**EXERCISE**
Please output the section of the listing below that opens with the line containing "关于一两银子多少钱,一两这个" and closes with the line containing "Das Haus wurde", exactly and with nothing else.

**DATA**

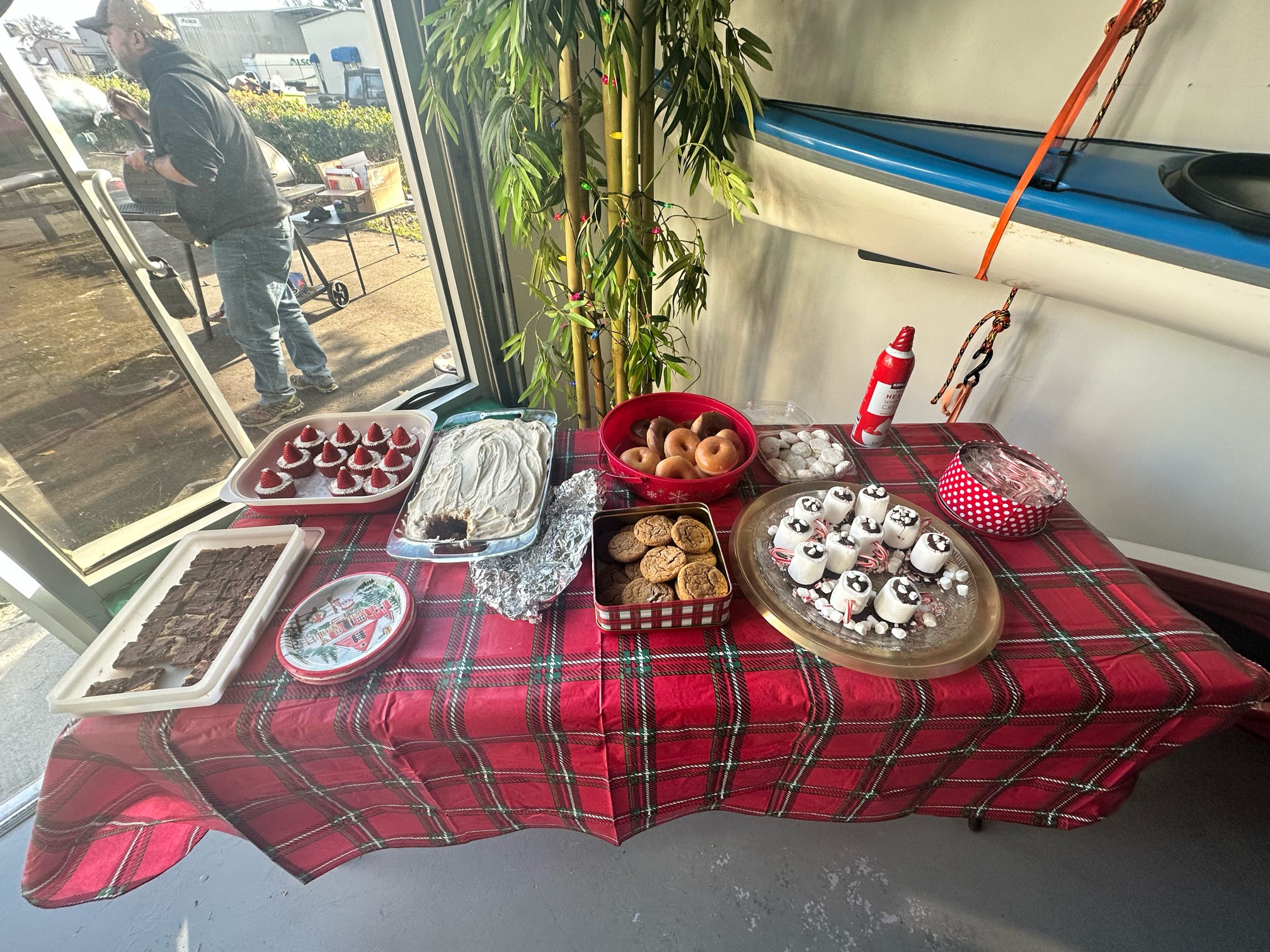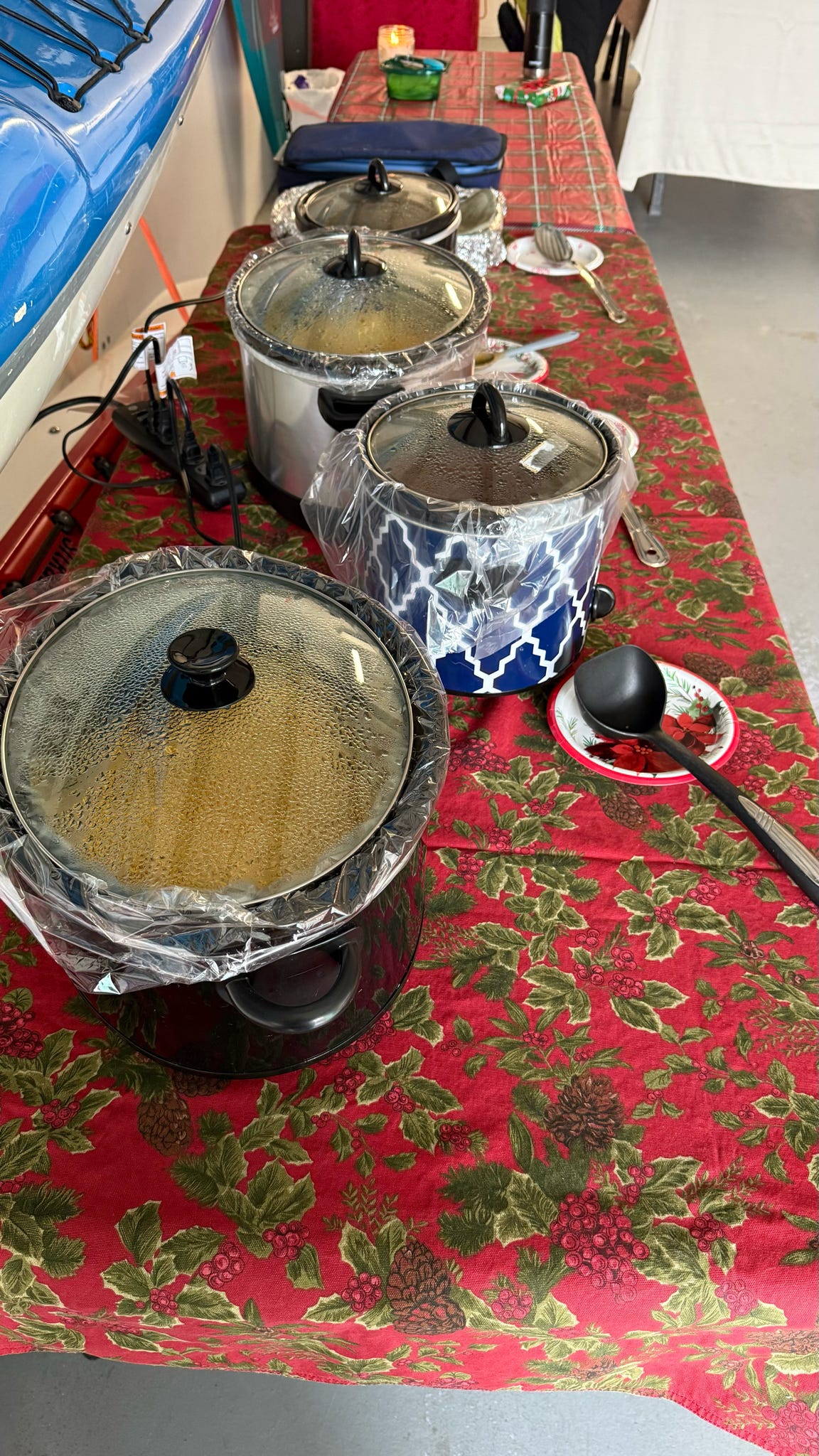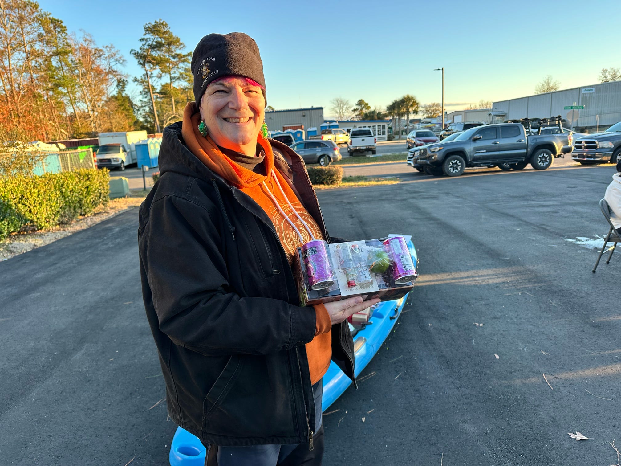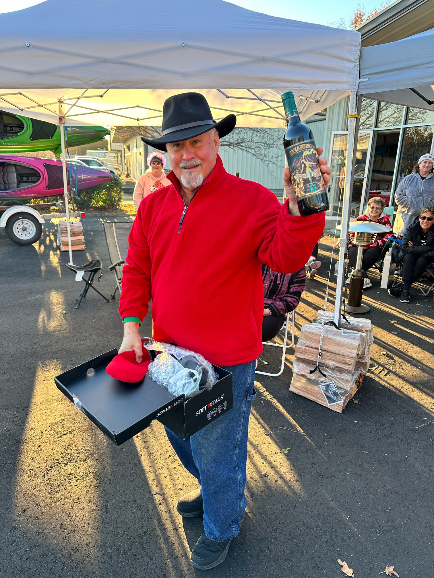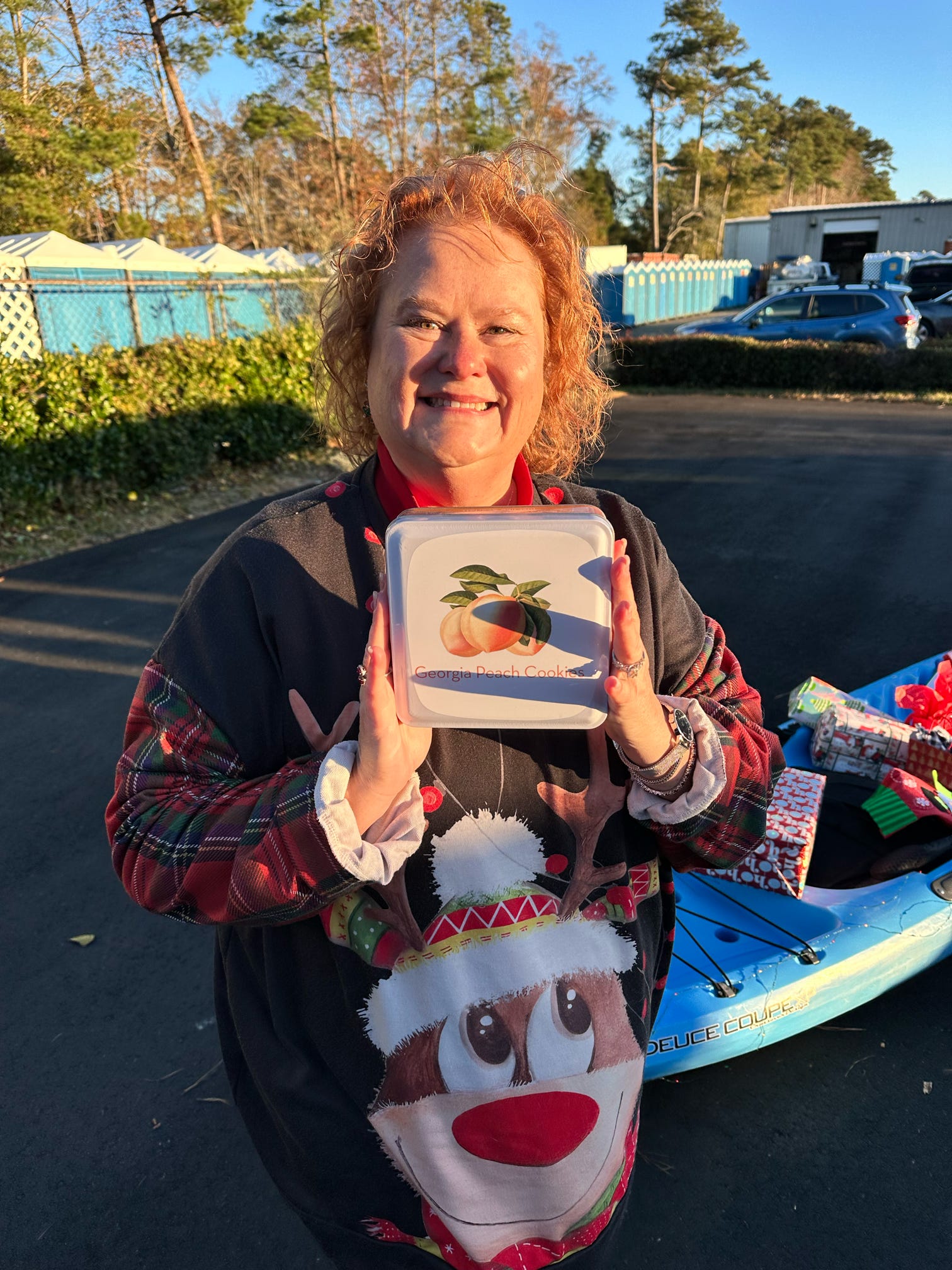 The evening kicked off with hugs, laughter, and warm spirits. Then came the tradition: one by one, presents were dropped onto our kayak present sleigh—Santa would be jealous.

...

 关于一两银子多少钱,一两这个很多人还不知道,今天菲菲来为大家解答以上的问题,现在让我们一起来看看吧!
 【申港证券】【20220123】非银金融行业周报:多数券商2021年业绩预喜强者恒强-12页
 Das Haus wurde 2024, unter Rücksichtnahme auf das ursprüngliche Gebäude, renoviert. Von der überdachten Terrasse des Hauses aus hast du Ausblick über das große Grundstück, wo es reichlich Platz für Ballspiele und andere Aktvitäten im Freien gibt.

==

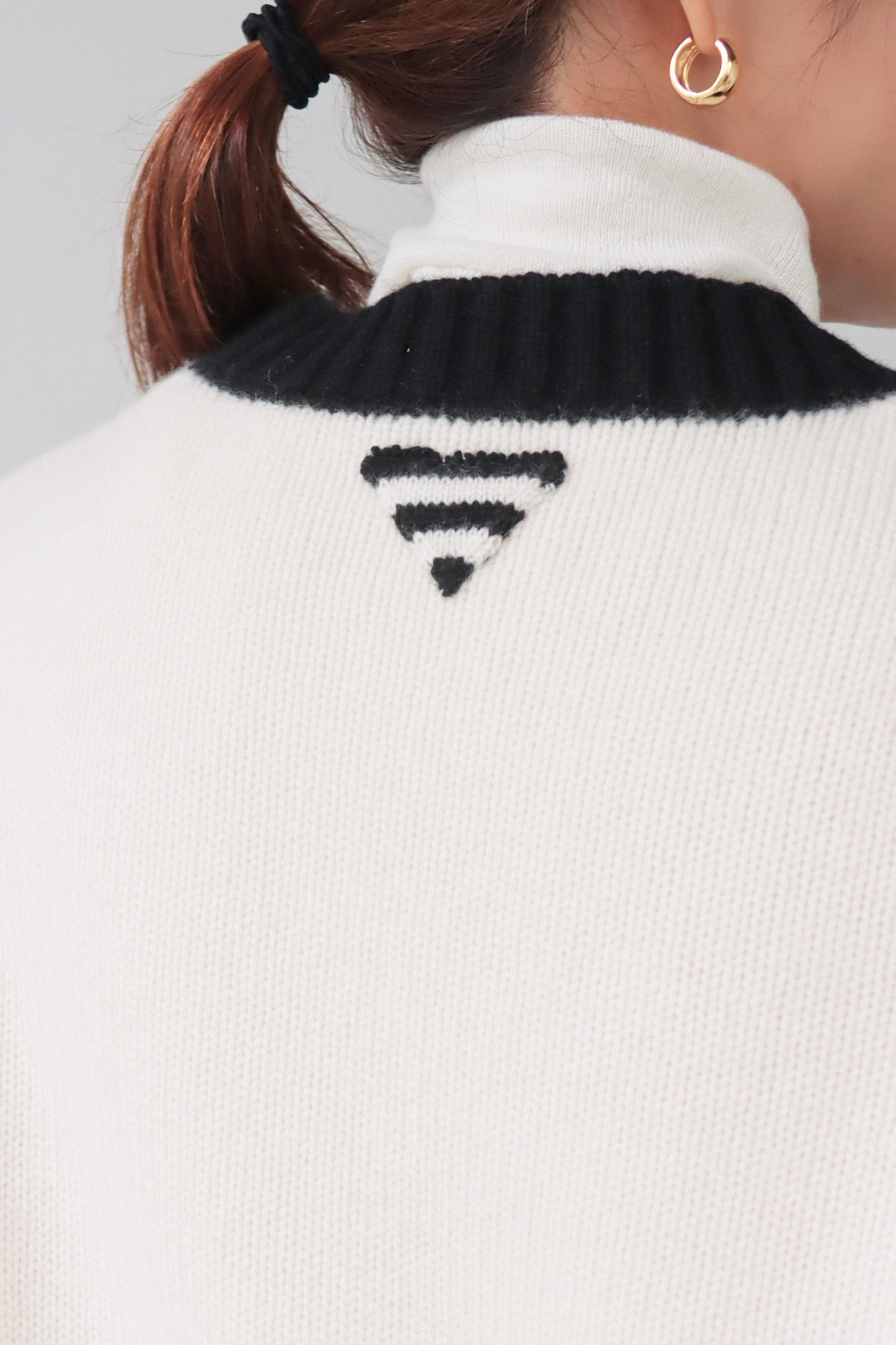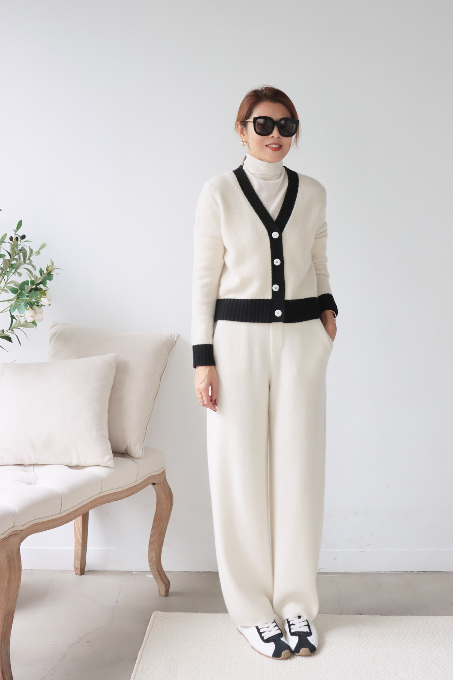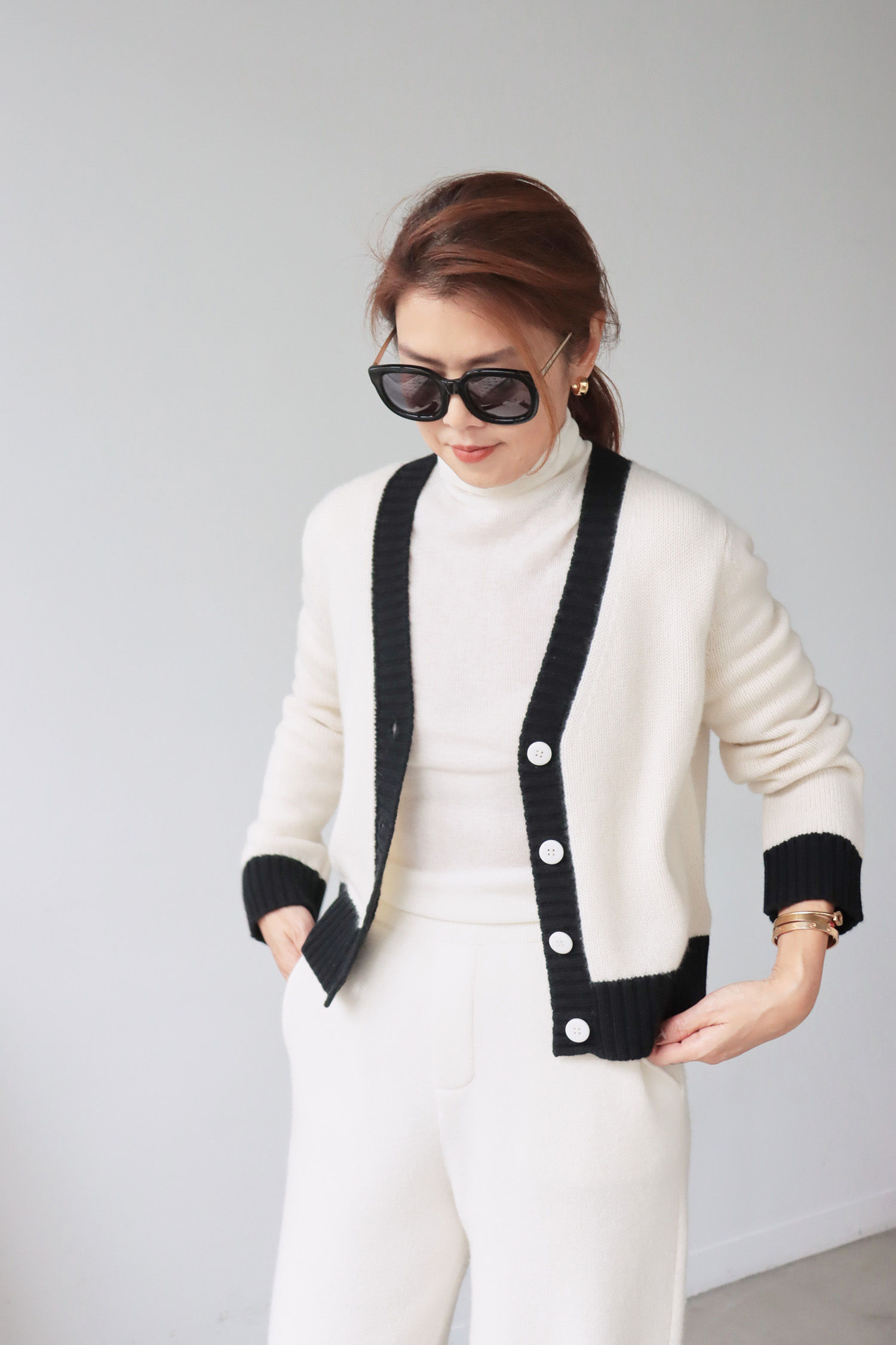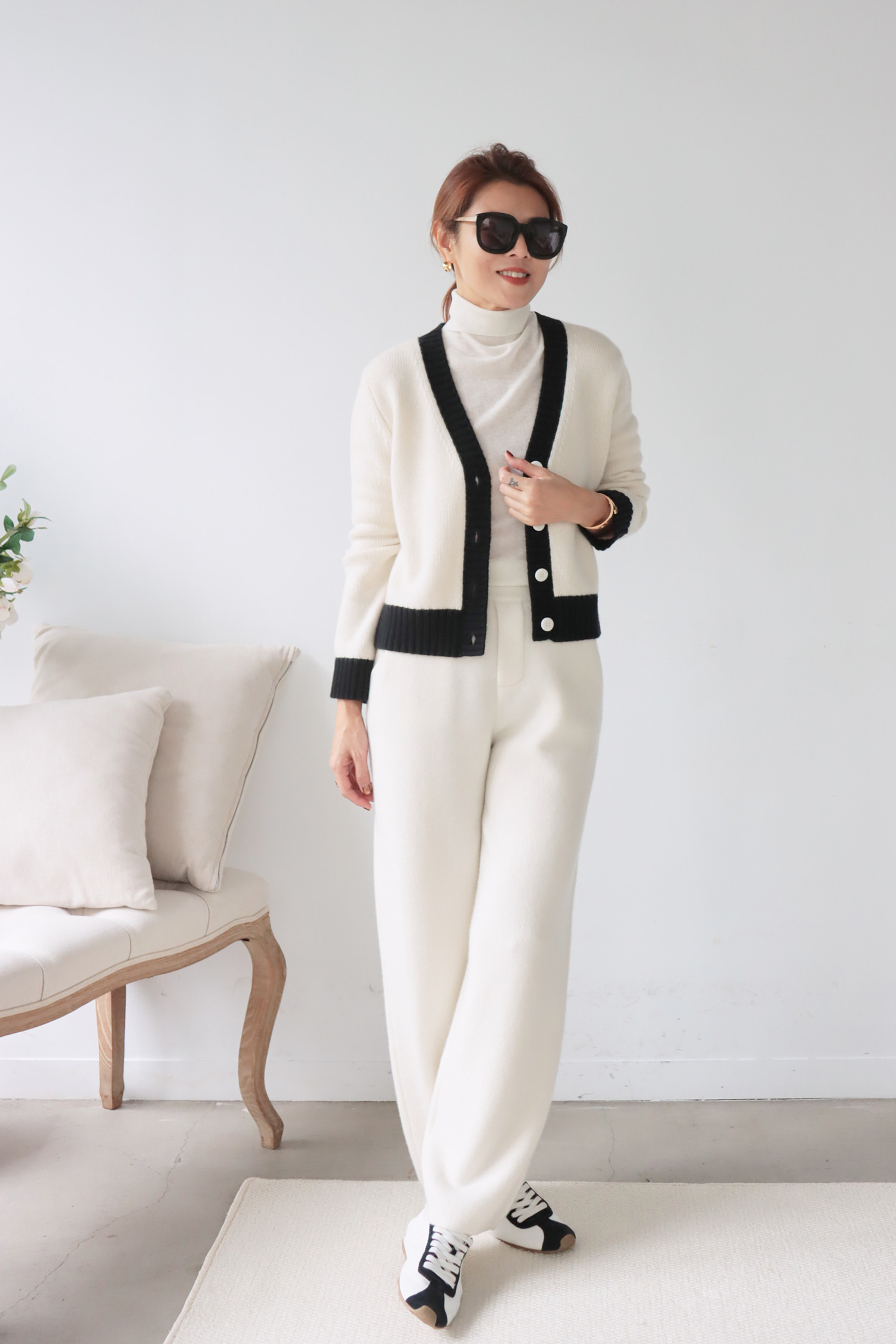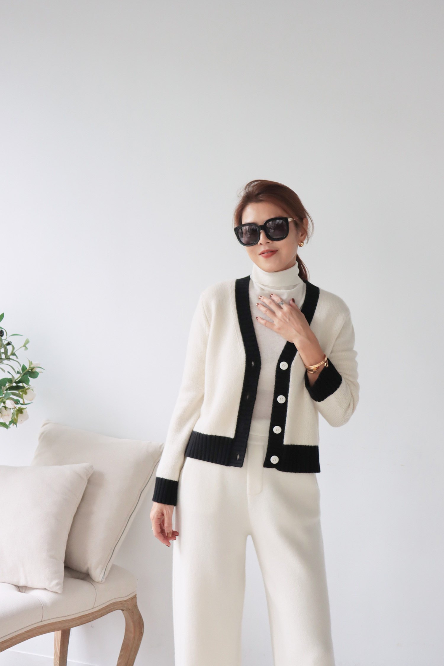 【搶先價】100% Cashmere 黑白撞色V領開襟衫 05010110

**RESULT FOR THIS TASK**
 关于一两银子多少钱,一两这个很多人还不知道,今天菲菲来为大家解答以上的问题,现在让我们一起来看看吧!
 【申港证券】【20220123】非银金融行业周报:多数券商2021年业绩预喜强者恒强-12页
 Das Haus wurde 2024, unter Rücksichtnahme auf das ursprüngliche Gebäude, renoviert. Von der überdachten Terrasse des Hauses aus hast du Ausblick über das große Grundstück, wo es reichlich Platz für Ballspiele und andere Aktvitäten im Freien gibt.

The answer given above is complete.